安鐵說:“我先去衝個澡,你先吃吧。”說完,安鐵就去衛生間洗澡去了。
安鐵衝了個澡之後,感覺身體舒服多了,這兩天簡直泡在酒裡了,情緒也不好,像生病了似的難受,這會,安鐵洗了個澡,坐在陽光中的餐桌旁,感覺心裡一下子敞亮起來。
這時,瞳瞳揹著個畫夾子從臥室裡走出來,對安鐵說:“叔叔,我想去海邊畫點東西,早晨不熱,海邊的人還少,你有事就給我打電話吧。”

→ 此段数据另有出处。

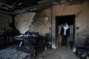 (260323) -- NAPLUSA, 23 marzo, 2026 (Xinhua) -- Un palestino inspecciona una casa incendiada por colonos israelíes, en la aldea de Deir al-Hatab, en el este de Naplusa, en Cisjordania, el 23 de marzo de 2026. (Xinhua/Ayman Nobani) (rtg) (ah) (ce)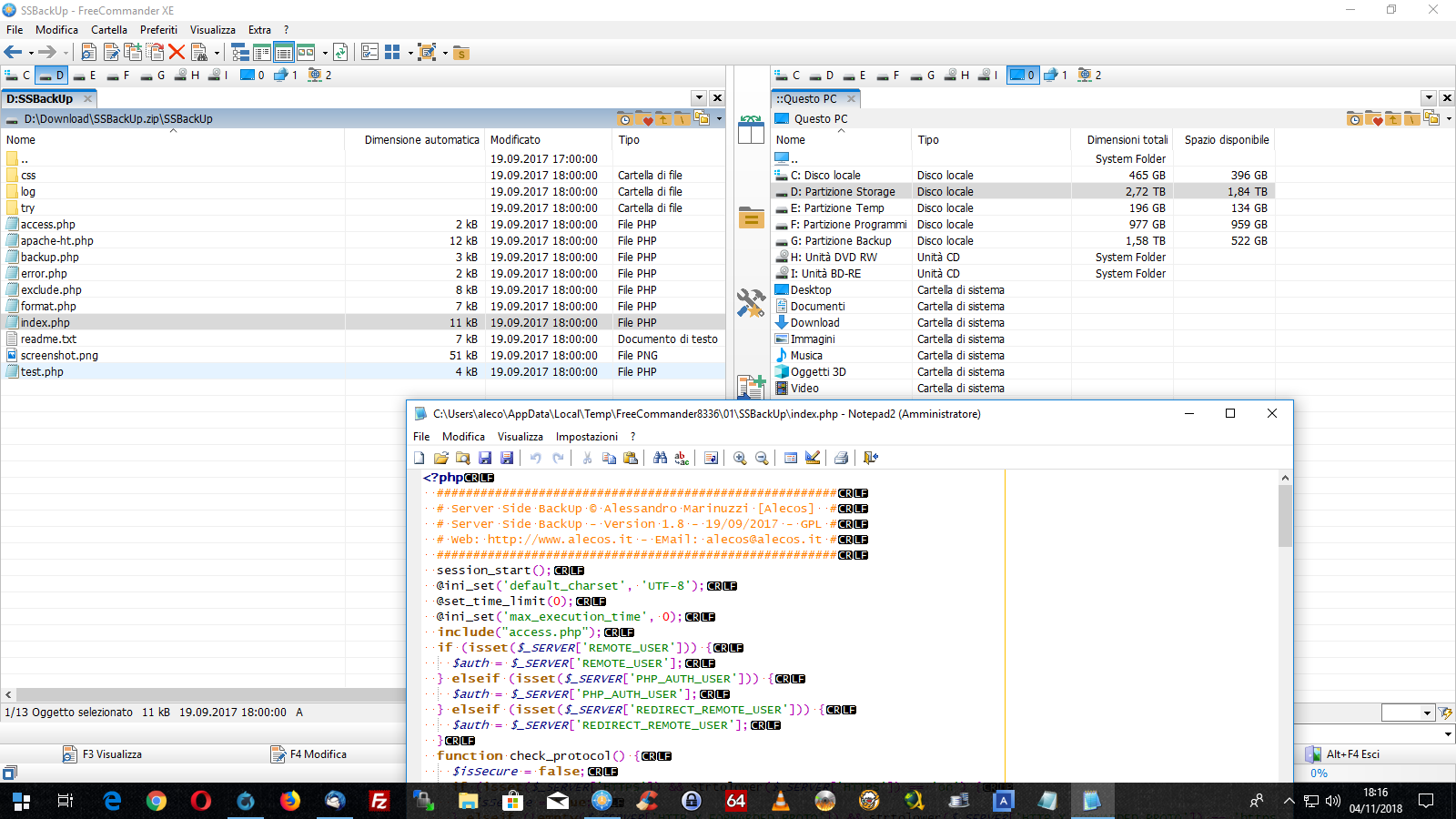 - open the file index.php per double click - editor notepad2 will be opened

安鐵看了看瞳瞳,瞳瞳穿了一件橘黃色的吊帶裙,看起來活力十足的樣子,臉上的笑容越來越自信了,看來這段日子,瞳瞳在畫畫的過程中領悟了很多東西。
安鐵說:“行,你下午還去你白姐姐那嗎?”
瞳瞳說:“去啊,我還要送她一幅畫呢,呵呵。”
安鐵說:“那你有你白姐姐的電話嗎?”
瞳瞳笑道哦:“有,我早記在本子上了,現在都存手機裡了。”
安鐵點點頭,道:“那你走吧,我一會也上班去了。”
瞳瞳出去以後,安鐵做在客廳裡抽了一根菸,早晨的陽光照得客廳異常明亮,客廳裡靜得只剩下灰塵你和煙霧在舞動,安鐵被陽光照得有些暈眩,腦袋裡一片空白,身上不住地冒著虛汗,此時安鐵感覺自己快要化在這明亮的陽光裡的似的。